Là, dove misticismo, religione, spiritualità, povertà, corruzione e poesia si uniscono in un intreccio che da forma ad una delle nazioni più intriganti del mondo.
Chi c’è stato ti dice che non c’e’ un posto più magico ed enigmatico, più duro e faticoso, ma anche che la odi o la ami e quest’amore se ti prende non ti lascia mai più.
Superficialmente e all’apparenza ti annienta completamente.
E’ caldo, la gente sta ovunque, c’è casino, smog, sporcizia, rifiuti, escrementi, mucche.
Se per sbaglio vai a finire in uno “slum” o i un “ghat” e non sei pronto rimani scioccato per mesi e mesi.
C’è delinquenza e la gente appena vede un turista ti si appiccica dietro per ore e ore.
C’è questo estremo contrato dolce/salato che a me fa impazzire.
L’India non è solo il Taj Mahal e il Rajasthan, ne le sculture di Khajuraho e i monasteri Himalayani, ne tanto meno le rovine di Hampi, le grotte di Ajanta o gli Ashram di Pune.
L’India è la mucca indifferente in mezzo ad una strada con mille macchine bloccate cosi come le fogne aperte in mezzo alle città.

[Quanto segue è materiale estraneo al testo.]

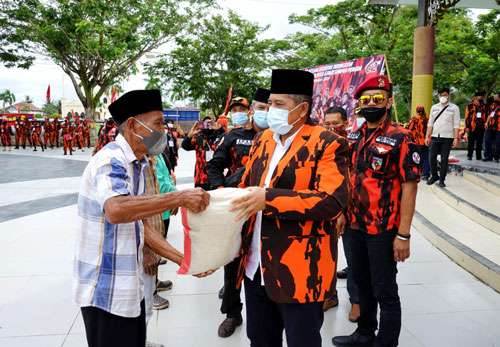 Selanjutnya Alfedri bersama Ketua MPC PP Siak Dedi Kusnedi memberi bantuan sebanyak 580 karung beras dari PP Kabupaten Siak sekaligus melakukan Donor Darah dari Pemuda Pancasila.(**)

E’ sopratutto il miliardo di persone che vivono in un territorio che sprigiona vita in ogni centimetro quadrato.
Per me era una chimera, da un lato desideravo andarci e da un lato no, vedevo l’India come una meta di cui avevo un pò di paura e timore, sapevo che sarebbe stato un viaggio mentale più che fisico, più spirituale che pratico.
Sapevo però che il mio istinto mi avrebbe detto quando sarei stato pronto e questa spinta me l’ha data, oltre che la mia compagnia Valeria, il libro SHANTARAM.
Appena l’ho finito di leggere, ho avuto un impulso irrefrenabile e dopo pochi giorni stavo sull’aereo, destinazione Delhi.